Dhankar, who has been a Canadian citizen for the past two years, went to the local CIC office to get his oath of citizenship certificate, but that office was closed in June as a result of budget cuts. A sign posted said people like Dhankar could get the services they need by phone.

"Why northern Ontario doesn't have any offices?” Dhankar said. “We are paying taxes, we're doing everything that any other citizen does."

More agents needed

He says he has spent every lunch hour over the past month calling the government’s toll free Citizen and Immigration help number. But Dhankar says the automated options don't cover the assistance he needs, so he has had to call back repeatedly and keep pushing different numbers to try to get help.

Adding to his frustration, Dhankar says when he presses the option to speak to an agent, a message comes on saying all lines are busy and his call can't be transferred to an agent and then it hangs up.

"You have a call centre.

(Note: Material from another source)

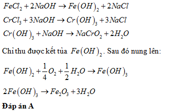 Cho dung dịch NaOH (dư) vào dung dịch chứa hỗn hợp FeCl2 và CrCl3, thu được kết tủa X. Nung X

Please — it's a request — have some more agents there so you can answer the calls." Dhankhar said. "Because if you are so busy, that means people require these services, they've been calling about these services."

"Hopefully [the] government tries to make it easier for the citizens, especially because most people who need these services are the new citizens. And most of us don't know ... where to go or what exactly to do and then on top of that you close these offices. It adds up to that frustration that 'okay, now I have to go through this call centre' and it's not a pleasant experience for sure."

Since the closure of the local CIC, the Thunder Bay Multicultural Association says it’s seeing more clients.

"It's really been a mix of issues that we've had folks coming in for,” said Cathy Woodbeck, executive director of the multicultural association. “But even those that have a question and are here in the city prefer to drive over and ask somebody rather than calling up the number and waiting."

Woodbeck says many of the clients ask workers to sit with them while they call government numbers.